Excerpts from a dataset
[Start of Attachment]

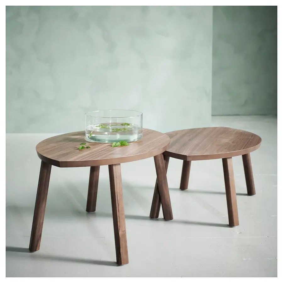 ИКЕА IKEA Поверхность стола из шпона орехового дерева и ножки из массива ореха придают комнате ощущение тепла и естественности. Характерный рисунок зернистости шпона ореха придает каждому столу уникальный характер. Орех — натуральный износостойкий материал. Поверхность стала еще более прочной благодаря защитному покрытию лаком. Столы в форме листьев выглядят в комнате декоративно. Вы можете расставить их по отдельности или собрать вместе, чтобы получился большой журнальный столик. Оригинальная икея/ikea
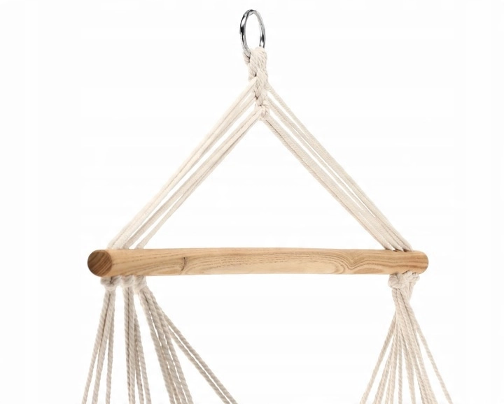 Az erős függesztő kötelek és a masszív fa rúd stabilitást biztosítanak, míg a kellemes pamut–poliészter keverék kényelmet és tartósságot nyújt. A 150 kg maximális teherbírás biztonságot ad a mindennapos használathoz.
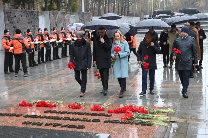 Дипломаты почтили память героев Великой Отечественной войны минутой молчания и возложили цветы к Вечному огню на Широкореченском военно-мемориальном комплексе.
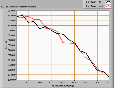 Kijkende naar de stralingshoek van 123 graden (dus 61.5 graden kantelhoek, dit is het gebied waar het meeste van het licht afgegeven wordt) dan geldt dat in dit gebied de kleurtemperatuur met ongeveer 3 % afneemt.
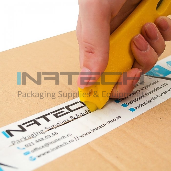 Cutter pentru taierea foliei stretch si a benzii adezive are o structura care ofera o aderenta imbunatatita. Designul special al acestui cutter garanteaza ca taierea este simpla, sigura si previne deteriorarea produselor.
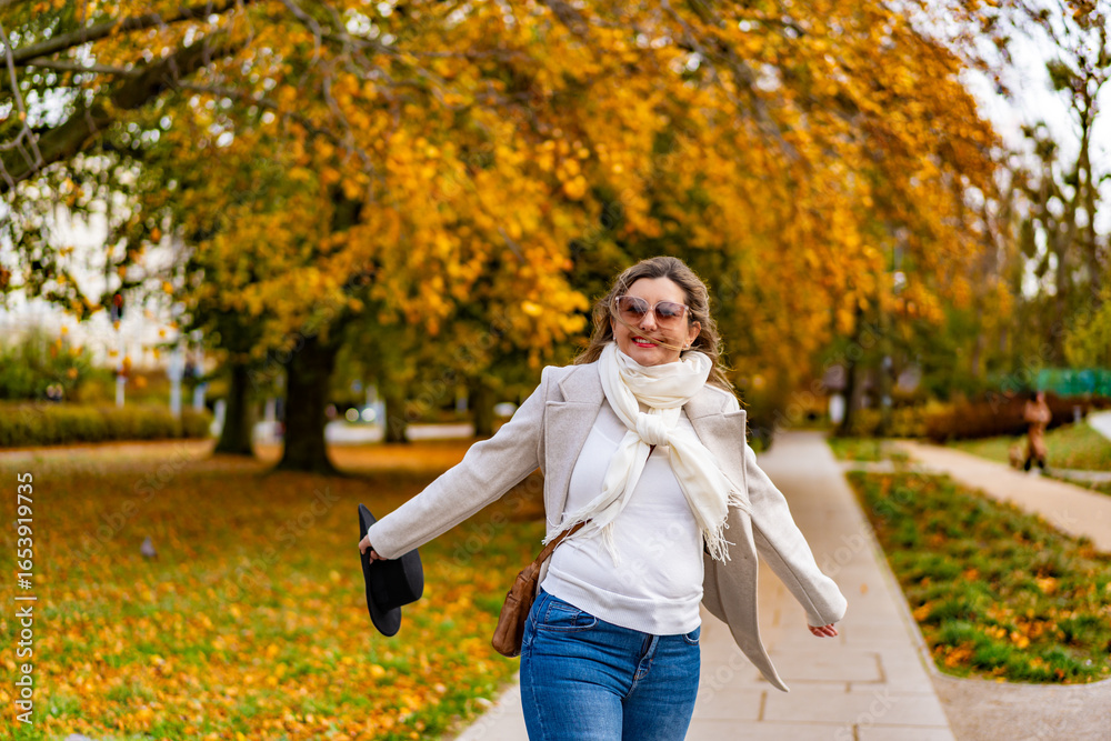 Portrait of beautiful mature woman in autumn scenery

[End of Attachment]

What is required: Take the data above and repeat it exactly, leaving each picture out.

Answer to this task:
 ИКЕА IKEA Поверхность стола из шпона орехового дерева и ножки из массива ореха придают комнате ощущение тепла и естественности. Характерный рисунок зернистости шпона ореха придает каждому столу уникальный характер. Орех — натуральный износостойкий материал. Поверхность стала еще более прочной благодаря защитному покрытию лаком. Столы в форме листьев выглядят в комнате декоративно. Вы можете расставить их по отдельности или собрать вместе, чтобы получился большой журнальный столик. Оригинальная икея/ikea
 Az erős függesztő kötelek és a masszív fa rúd stabilitást biztosítanak, míg a kellemes pamut–poliészter keverék kényelmet és tartósságot nyújt. A 150 kg maximális teherbírás biztonságot ad a mindennapos használathoz.
 Дипломаты почтили память героев Великой Отечественной войны минутой молчания и возложили цветы к Вечному огню на Широкореченском военно-мемориальном комплексе.
 Kijkende naar de stralingshoek van 123 graden (dus 61.5 graden kantelhoek, dit is het gebied waar het meeste van het licht afgegeven wordt) dan geldt dat in dit gebied de kleurtemperatuur met ongeveer 3 % afneemt.
 Cutter pentru taierea foliei stretch si a benzii adezive are o structura care ofera o aderenta imbunatatita. Designul special al acestui cutter garanteaza ca taierea este simpla, sigura si previne deteriorarea produselor.
 Portrait of beautiful mature woman in autumn scenery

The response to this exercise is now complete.